第9話

「名残惜しくはありますが、そろそろ貴方様の敵を倒しに参りましょうか」


 ペアリング工房を出て、外の空気を吸った段になってクレハは言葉通り名残惜しそうにそう言った。


「私が言うのもなんだけど、いいのかい?」


 先程チラッと確認したが、エピトークにはカンナから鬼のように連絡が入っていた。

 きっと今頃会場にはシャドウが出現していて、対応に追われているのだろう。


「ええ、貴方様には立場がおありですから。わたくしのわがままに付き合わせてしまうのも申し訳ありませんしね」

「クレハはいい子だね」

「こう見えて、わたくしは伴侶を立てる方なのです」

「ははは、そっか。それじゃ」

「ええ、お願いいたします」


 これ以上の言葉は不要だった。

 そっと、自らの素性を隠す狐の面を取ったクレハは、私の手を取り恋人繋ぎにすると、


「貴方様、お慕いしております……」


 その可愛らしい顔をゆっくりと私に近づけ、新雪を思わせる柔らかな唇を私のものに優しく押し付けた。


けまくもかしこつきはなの神」


 いつかと同じ祝詞の始まり。それがクレハの口から読み上げられる。


「愛しき彼の者に降りかかりし災厄 愛しき者のために祓う力を賜るようかしこみ恐みももうす」

「私、三納代ユウの名において、このちぎり、確かのものとする」

「ああ……遂にこの時がきたのですね……!」

「どうぞ」

「失礼します、貴方様……」


 儀式の最終段階。最も重要な儀式である吸血を行うため、クレハが私の首元に八重歯を突き立てる。すると、


「あっと……クレハ、ごめん。もう少し手加減してくれると……」


 カンナの時の比でないほどクレハは私の生気をチュウチュウと吸い取っている。

 流石に耐えかねてそう声をあげたが、当のクレハは聞こえているのか聞こえていないのかずっと吸血を行っている。


(これは、耐えるしかなさそうかな……?)


 グロッキーになりながら終わるのを待っていると、やっと満足したのかクレハは私の首元から口を離してくれた。

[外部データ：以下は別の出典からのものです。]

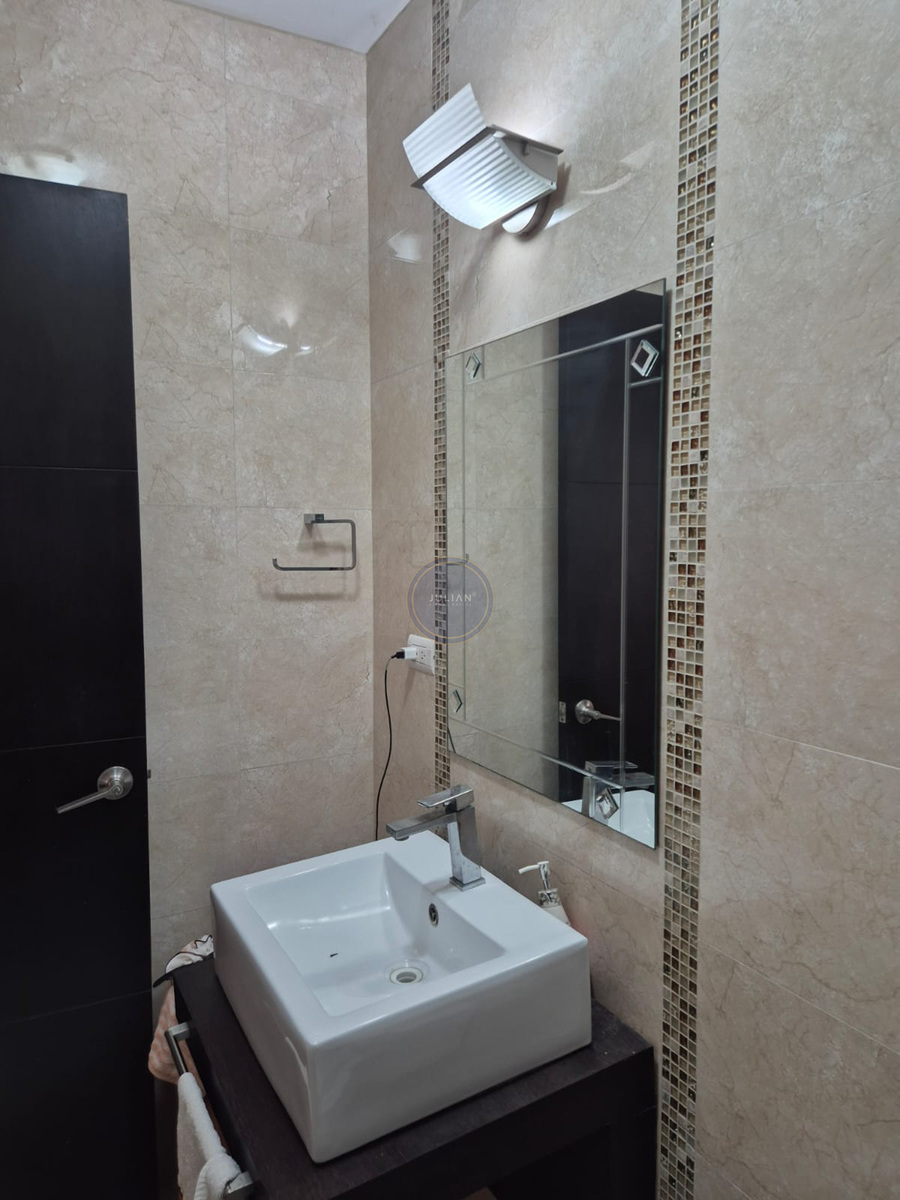 Planta baja, cochera para dos autos, sala, espejo, comedor de 6 sillas, cocina integral con estufa y campana, refrigerador,, medio baño, pasillo y Patio, lavanderia con lavadora, secadora,.

 口元についた血を真っ赤な舌で艶かしく舐め取る様は、年齢に比せず怪しい雰囲気を醸し出しており、思わずドキっとしてしまった。


「あー、クレハ。ちょっと吸われすぎちゃって歩くのも辛いから肩を貸してほしいんだけど……クレハ?」

 返事がないので妙だと思って見ていると、

「……ふふ……ふふふ……あはははははは! これが! これこそがラクトゥス!」

「ダメそうだね」


 資料では知っていたが、どうやらクレハはラクトゥスするとトリップしてしまう側らしい。完全に気分がアガりきってしまっている。

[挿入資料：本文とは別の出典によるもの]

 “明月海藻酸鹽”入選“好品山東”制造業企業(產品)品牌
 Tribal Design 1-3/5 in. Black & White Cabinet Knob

「何物にも変えが得たい多幸感! これがラクトゥスするということなのですね!」

「クレハさーん? 悪いんだけど、肩を貸してくれないかな?」

「ええ、ええ! 貴方様の敵はわたくしが全て撃滅致します!」

「おわっ!」


 話しを聞いていたのかいないのか、クレハは私を横抱きにすると、地上から軽くビル10階分の高さをジャンプした。

 そして、マンションの屋上に着地すると、


「あれこそが貴方様の手を煩わせる敵ですね」


 彼女の視線を追うと、その先にはルミカの話しに出ていたであろう巨大シャドウの姿があった。


「今殺して差し上げます」

「クレハ、ちょま――」


 屋上から屋上へ。ラクトゥスによって身体能力の枷が外れたクレハは文字通り最短距離で巨大シャドウの元まで飛び降りてしまった。


「うおわああああああああ!」

「行政官!?」


 私の悲鳴に気づいたカンナが振り返る。どうやら自警団と協力して巨大シャドウと戦っていたようだ。

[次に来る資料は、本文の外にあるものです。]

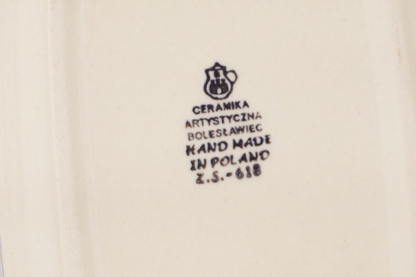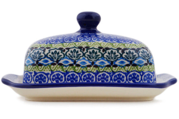This Polish pottery Butter Dish is made by Ceramika Artystyczna workshop in Boleslawiec, Poland. Manufacturer item number H5691Q. It is 3½" high and measures 6¾" by 5". The weight of this Butter Dish is 1.4 lbs. The pattern was designed by artist Maria Starzyk. It is part of the Artistic Boho Collection.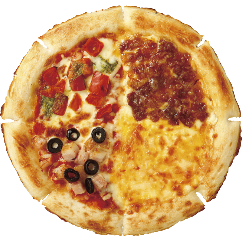 小麦の風味が香ばしくもっちりとした生地に、4種類の具材を乗せました。マルゲリータ、4種類のチーズ、甘辛いプルコギ、ベーコンの4つの味をお楽しみください。

「貴方様、少しの間ここでお待ちになっていてください。すぐに殺してみせますので」


 そう言って私を優しく地面に下ろしたクレハだが、この時私は猛烈に嫌な予感が身を支配していた。


「みんな! 今すぐ退避するんだ!」


 鬼気迫る私の叫びにハッとした自警団達は、所持していた武器をそのままに、全力でその場から逃げ出した。ただ一人、カンナだけは私の身を守るために私の元まで走ってくる。


「行政官!」

 それは、カンナが私に覆いかぶさるのと同時だった。

 クレハの能力によって生み出された巨大な血の刀が地面丸ごと巨大シャドウを一刀両断したのだ。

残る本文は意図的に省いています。